Screening in Fort Chip

Fort Chipewyan, January 27, 2012

After spending the day walking on frozen Lake Athabasca and visiting with Oliver Ganfield and Pam Gibot at the Fort Chipewyan Bicentennial Museum it was time for the screening of The Romance of the Far Fur Country at the Wood Buffalo Municipal Hall.

Talking to community members as they came in, it was sinking in that this footage was having its first screening in Fort Chip since it was shot almost 100 years ago. Following Filmmaker Kevin Nikkel’s introduction the lights went down and the 30 minute version of the film – the “highlights reel” – was projected on the screen. There were excited whispers from the 25 plus members of the audience as scenes of Fort MacMurray and particularly Fort Chip appeared. Dog teams running along the trail; a woman weaving porcupine quills; scenes of the community shot from Cherry Hill: these scenes and others were both drawing people in and bringing forth memories of times past and the changing present. One resonant scene was the footage of Alexandre Laviolette, making an impassioned speech that was accompanied by a caption explaining that the Chief of the Chipewyans was making it clear that by making a closed season on game the Treaty was not being kept.

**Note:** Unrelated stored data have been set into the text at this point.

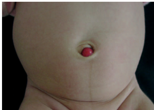
Fig. 1.—Neoformación hemiesférica localizada en la región umbilical.
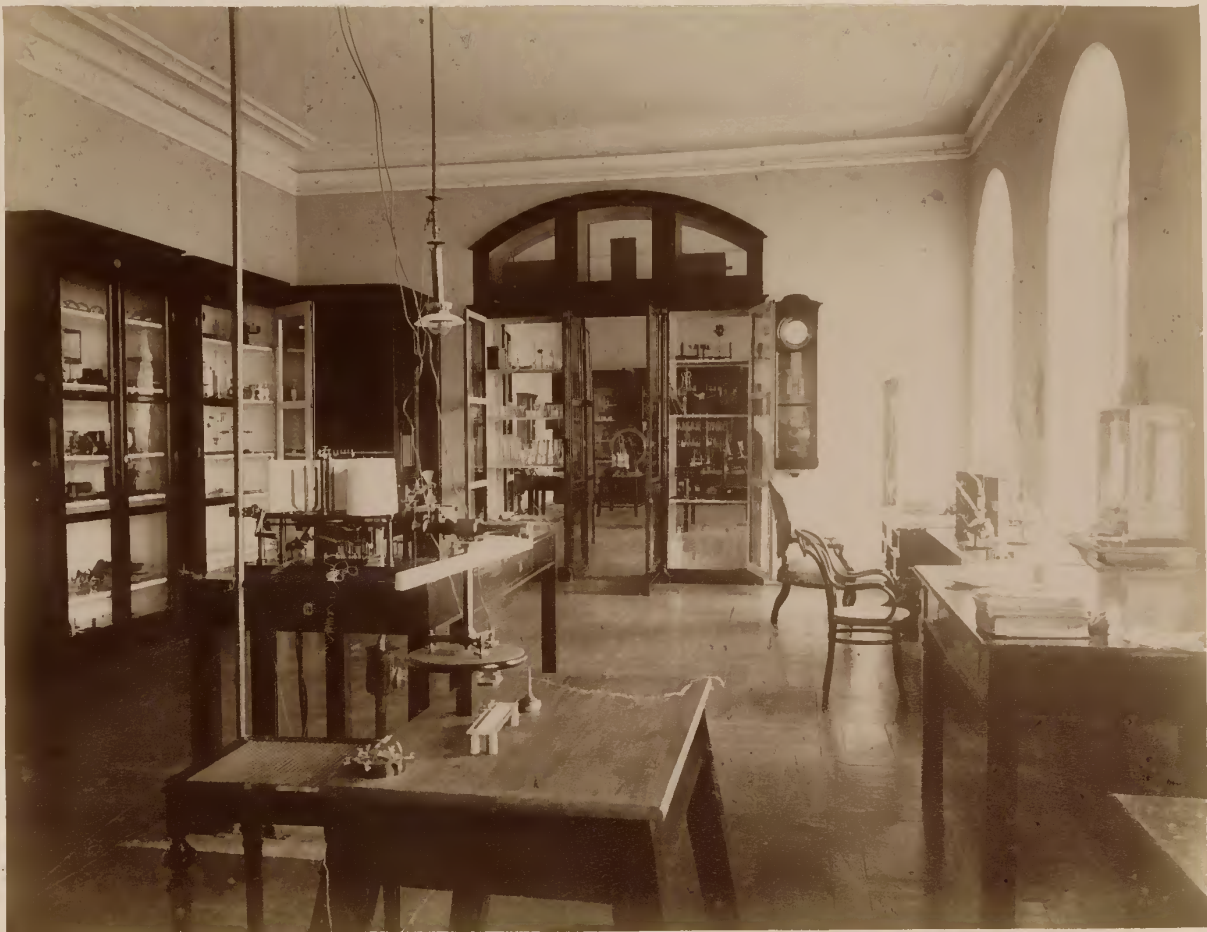
б) Физиологический кабинетъ.
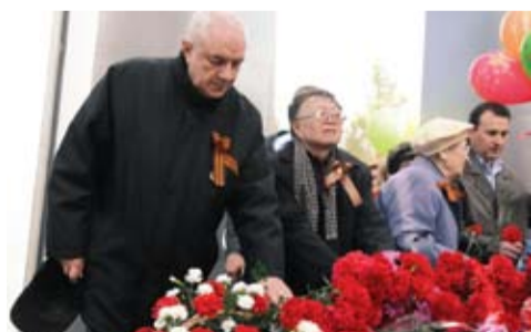
9 мая. Возложение цветов к Вечному огню.
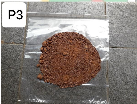
Gambar contoh tanah yang diambil dari Dusun Jatisari
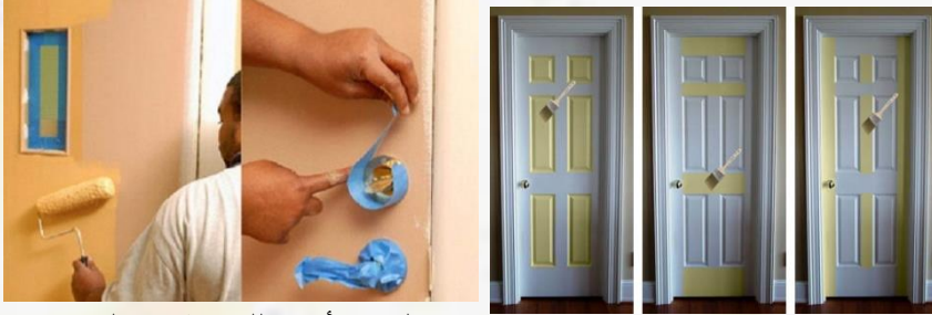
تغليف الأوكر للحماية من الدهان
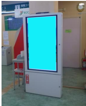
NEXCO東日本 三芳PA Ⓧ
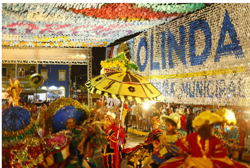
Carnaval 2020, Polo Mestre Afonso - Foto: Sandro Barros / PMO

Podem participar pessoas físicas, maiores de 18 anos, ou pessoas jurídicas, que desenvolvam atividades, ações e projetos relacionados à tradições e saberes da cultura popular ou tradicional, domiciliadas e com atuação comprovada no Município de Olinda, há no mínimo 10 (dez) anos. Acesse aqui o Edital Memória Viva.
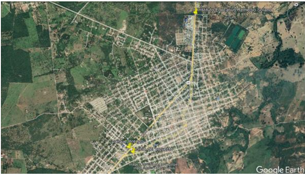
Fig. 1. Ubicación satelital de la ruta y zona de interés.
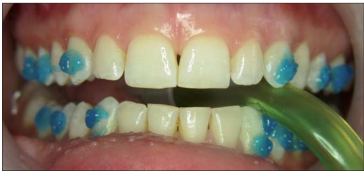
Abb. 1: Lokale Phosphorsäurekonditionierung an den geplanten Attachmentpositionen.

When I first saw the footage in a viewing room in the National Film and Television Archives in London I knew that these images needed to make the journey back to northern Canada. It was an honour to be present for this screening, to see images from 1919 of Chipewyan trapper Baptiste Plat Cote with Pat Marcel, who was seeing pictures of his great uncle for the first time.

In the discussion after the film was done and the lights went on, we heard how the footage should be made accessible not only to people in the community but to all Canadians. Let the discussion and dialogue continue.